<<<<

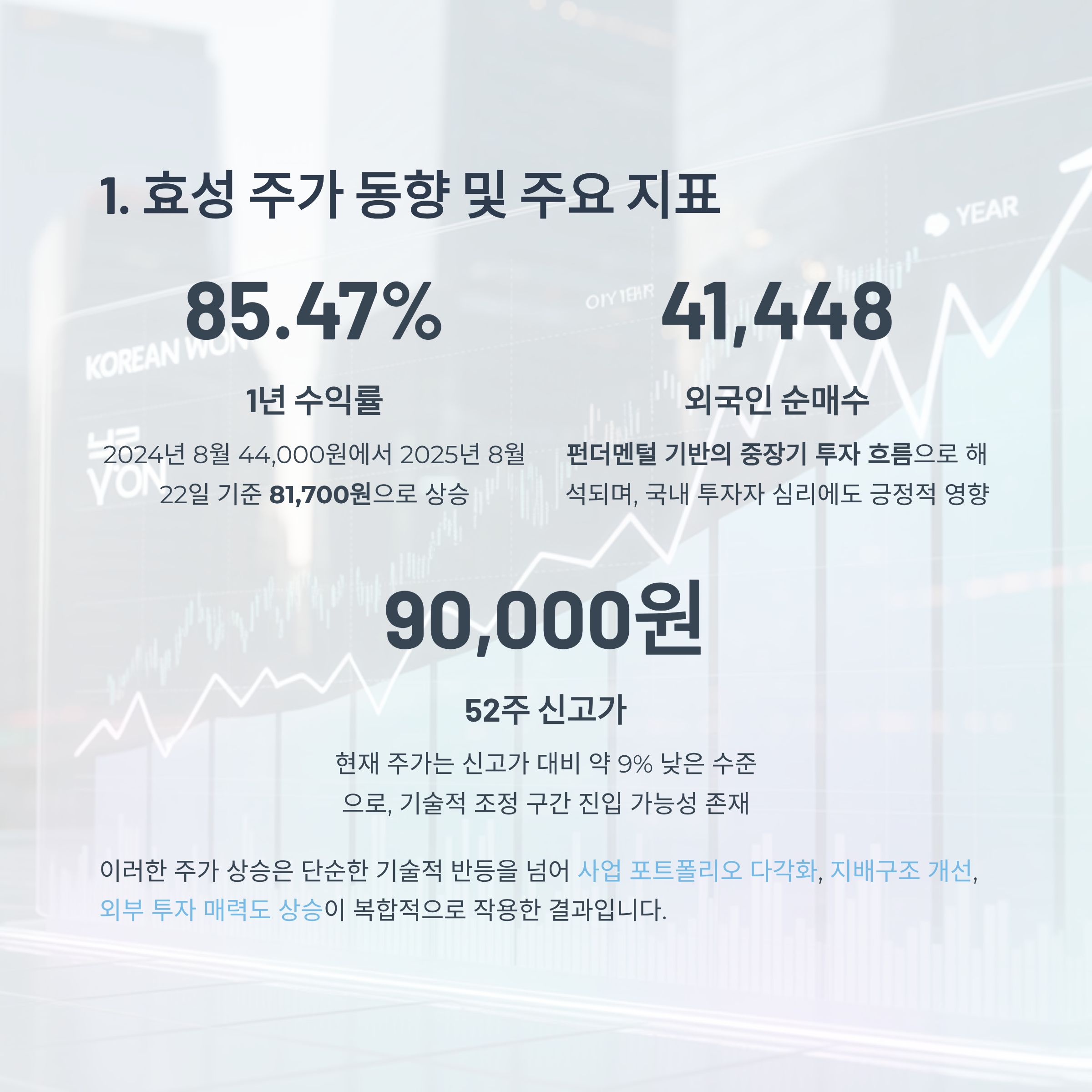 이는 단순한 기술적 반등을 넘어서, 회사의 사업 포트폴리오 다각화, 지배구조 개선, 외부 투자 매력도 상승이 복합적으로 작용한 결과입니다.
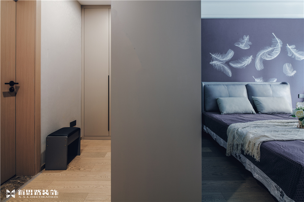 主臥由臥室、衣帽間和主衛(wèi)三個(gè)部分構(gòu)成,超多柜體的設(shè)計(jì)讓收納不再成為煩惱。整體選擇盡量簡(jiǎn)約和減少配飾的設(shè)計(jì)思路,力求減輕累贅和繁復(fù)感。在配色上,選擇了藏青色和白色的搭配,更深沉穩(wěn)重、有格調(diào),再點(diǎn)綴一抹橙色,空間氣氛不會(huì)顯得沉悶。臨近窗戶的位置增添一張沙發(fā),可坐可躺,是個(gè)放松和休息的不錯(cuò)選擇。
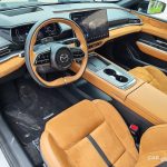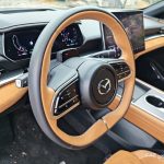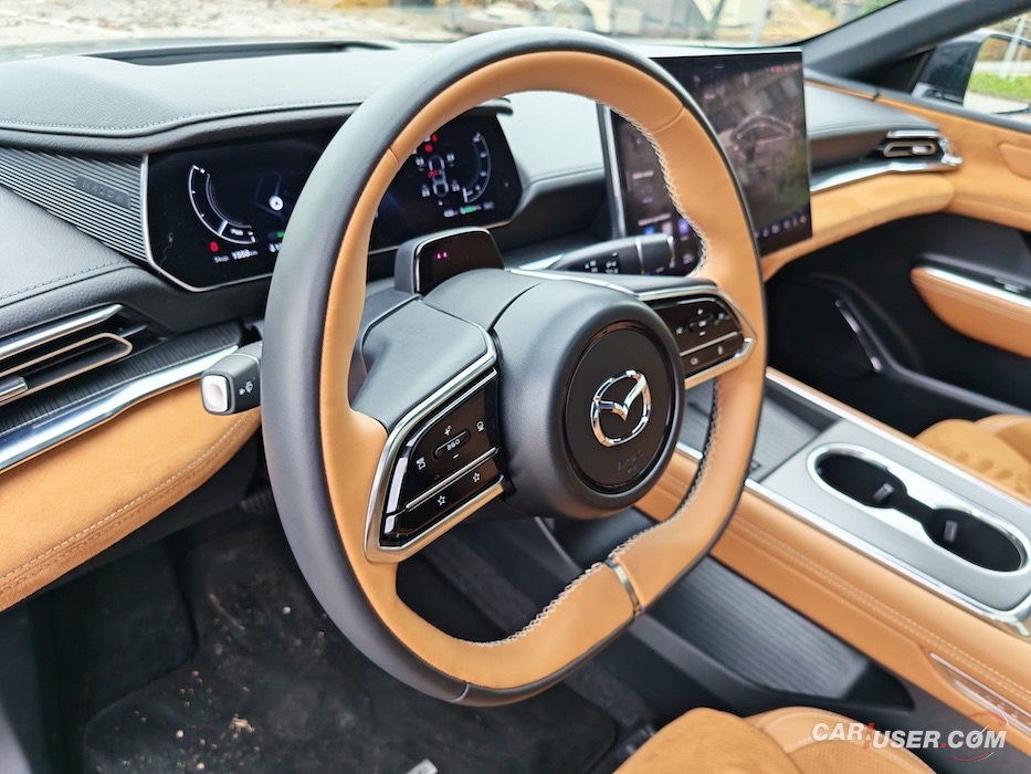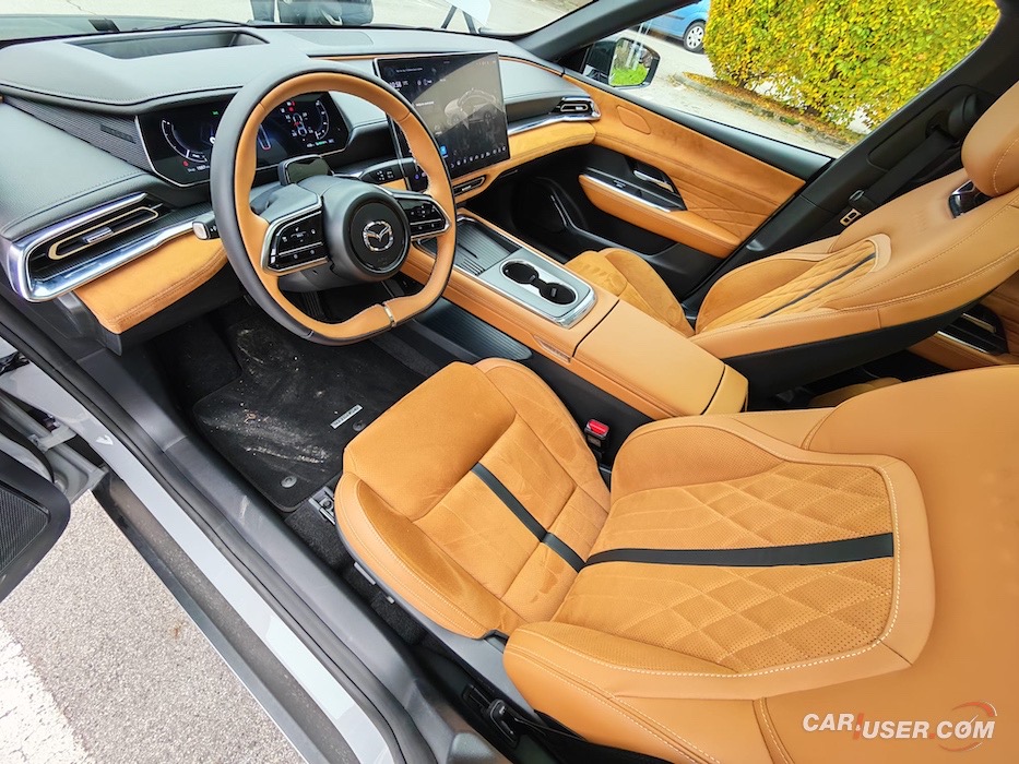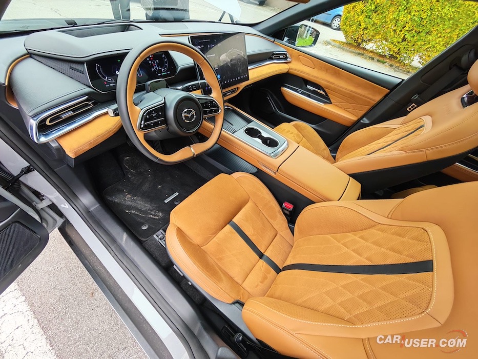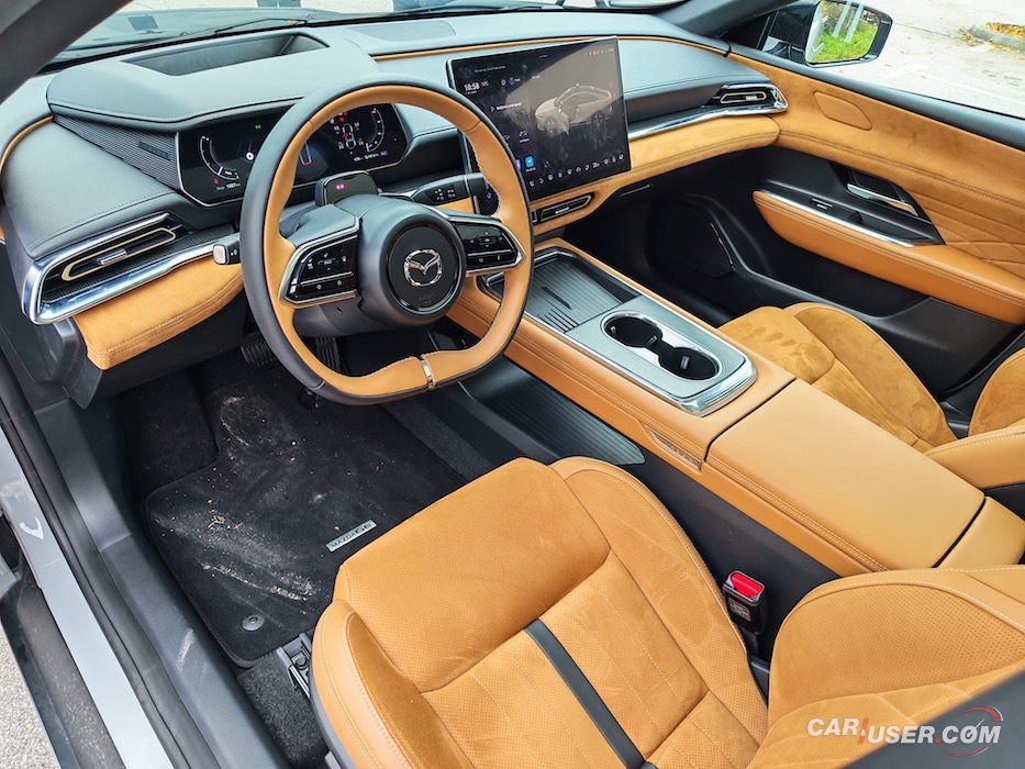 Notranjost kabine odraža Mazdino filozofijo Smart Cockpit: zasloni in upravljalni elementi so naravno razporejeni v voznikovem vidnem polju, da zmanjšajo motnje in izboljšajo reakcijski čas. Velik zaslon Head-Up Display projicira pomembne podatke o vožnji, kot so hitrost, navodila za navigacijo in varnostna opozorila, na vetrobransko steklo v optimalni razdalji 7,5 metra. Vozniki lahko prilagodijo količino prikazanih informacij v treh načinih – Minimal, Classic ali Custom – z dodatnim načinom Snow, ki spremeni barve zaslona, da izboljša berljivost na svetlem zimskem ozadju.

>>>>

**Task goal**
Everything above except the pictures needs to be reproduced exactly.

**Result of this task**
 이는 단순한 기술적 반등을 넘어서, 회사의 사업 포트폴리오 다각화, 지배구조 개선, 외부 투자 매력도 상승이 복합적으로 작용한 결과입니다.
 主臥由臥室、衣帽間和主衛(wèi)三個(gè)部分構(gòu)成,超多柜體的設(shè)計(jì)讓收納不再成為煩惱。整體選擇盡量簡(jiǎn)約和減少配飾的設(shè)計(jì)思路,力求減輕累贅和繁復(fù)感。在配色上,選擇了藏青色和白色的搭配,更深沉穩(wěn)重、有格調(diào),再點(diǎn)綴一抹橙色,空間氣氛不會(huì)顯得沉悶。臨近窗戶的位置增添一張沙發(fā),可坐可躺,是個(gè)放松和休息的不錯(cuò)選擇。
 Notranjost kabine odraža Mazdino filozofijo Smart Cockpit: zasloni in upravljalni elementi so naravno razporejeni v voznikovem vidnem polju, da zmanjšajo motnje in izboljšajo reakcijski čas. Velik zaslon Head-Up Display projicira pomembne podatke o vožnji, kot so hitrost, navodila za navigacijo in varnostna opozorila, na vetrobransko steklo v optimalni razdalji 7,5 metra. Vozniki lahko prilagodijo količino prikazanih informacij v treh načinih – Minimal, Classic ali Custom – z dodatnim načinom Snow, ki spremeni barve zaslona, da izboljša berljivost na svetlem zimskem ozadju.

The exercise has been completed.